C’est d’Israël que nous parviennent probablement les images les plus justes et les plus objectives du conflit. Après Checkpoint de Yoav Shamir l’an dernier, voici donc Pour un seul de mes deux yeux, nouveau documentaire qui ajoute à la teneur ultraréaliste des documents filmés (du pris sur le vif autrement moins ambigu que dans le récent Paradise now) plusieurs propositions décisives. A l’enchaînement brut de rushes pris en divers checkpoints du film de Shamir, Mograbi ajoute plusieurs effets de décalage et une mise en perspective non moins passionnante. En convoquant les mythes de Samson et Massada tout d’abord, filmant divers touristes israëliens dans leur rapport à l’histoire et au pays. En prenant une décision incongrue ensuite, choix sur le fil de filmer une conversation téléphonique entre lui, le cinéaste, et un Palestinien vivant dans la misère des territoires.

Tout cela crée un film étrange, dont le risque évident serait de tendre au kaléidoscope (toutes les voix, dans chaque camp, représentées dans le film, jusqu’à la scène sans fard du concert d’extrémistes juifs). Mais Mograbi, grand cinéaste, tend le film comme une flèche et l’empêche de flotter dans cette constellation anarchique de paroles et de voix, ouvrant par une construction rigoureuse à la notion de recueil : recueil historique et géographique de traces du contemporain qui, mises ainsi en perspective et en mouvement, agissent comme parade contre la simplification et le manichéisme dont les médias font preuve pour résumer le conflit israélo-palestinien.

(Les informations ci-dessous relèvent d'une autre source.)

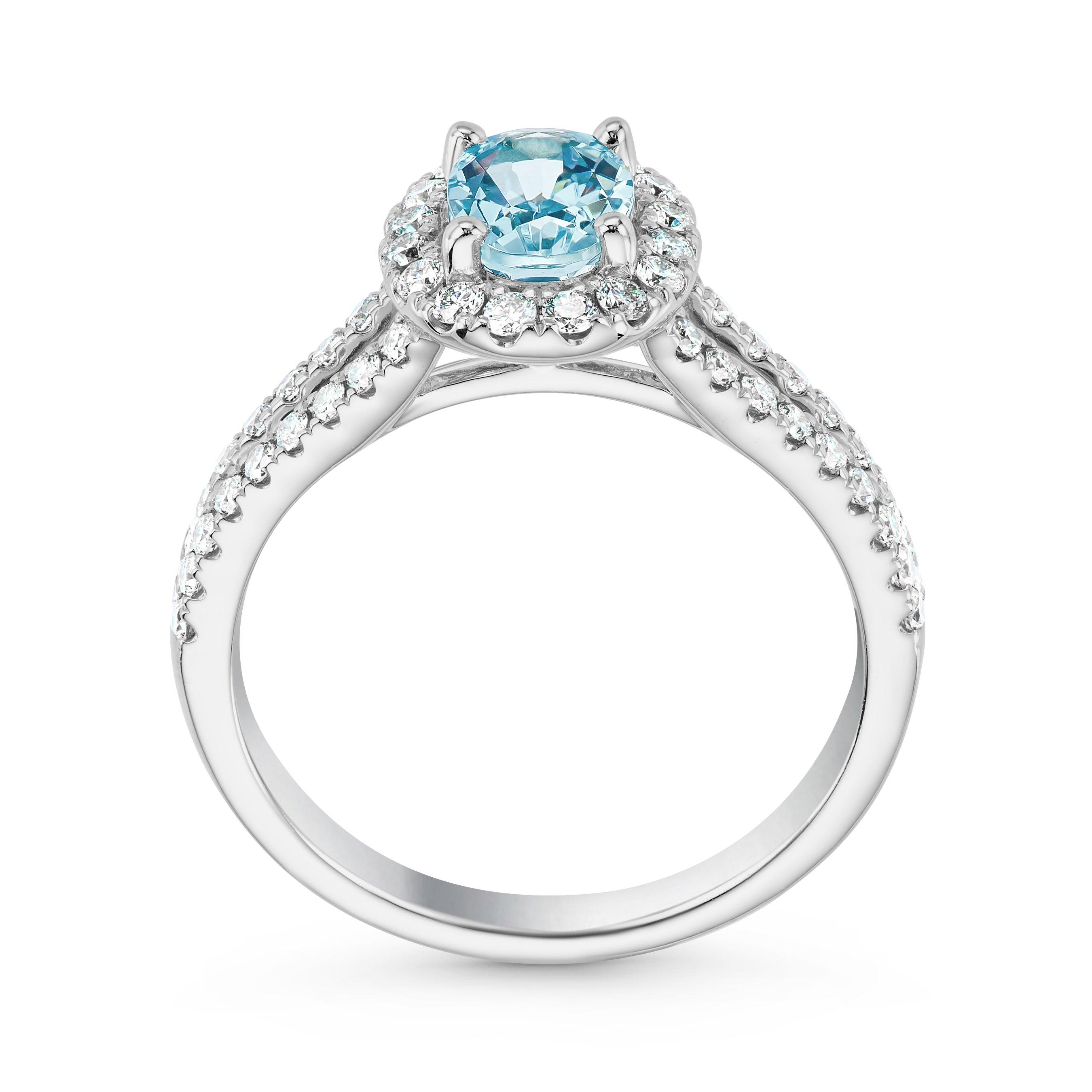 Platinum Diamond Aquamarine Halo Engagement Ring

Pas le moindre doute ici quant à a situation tragique des Palestiniens, filmés dans la frontalité des humiliations quotidiennes, mais simultanément cette apport d’une ambiguïté féconde : par la multiplicité des paroles, mais aussi par ce retour constant du film vers le questionnement de la démocratie.

Lorsqu’il s’approche des recrues de Tsahal, le cinéaste joue de son statut citoyen et pousse les questions du droit et du non-droit dans leurs ultimes retranchements : attentes grotesques de missives ou d’informations confirmant ou infirmant l’interdiction de filmer les checkpoints, silences lourds, explosion des nerfs, rupture soudain quand se confirme son droit d’être là, en train de filmer, spectateur de sa propre impuissance à intervenir (la séquence de la fin). Beau film sur cette impuissance, justement, à rendre la complexité d’une situation qui dépasse avant tout ses garde-fous, et qui plutôt que de se rendre à la réduction, préfère plonger dans un abîme de questionnements ouverts sur la nuit : cette complexité questionne force et faiblesse de ce qui fonde, envers et contre tout, un espace démocratique -précieux détail qu’on a souvent tendance à occulter. Le choc du Festival de Cannes 2005.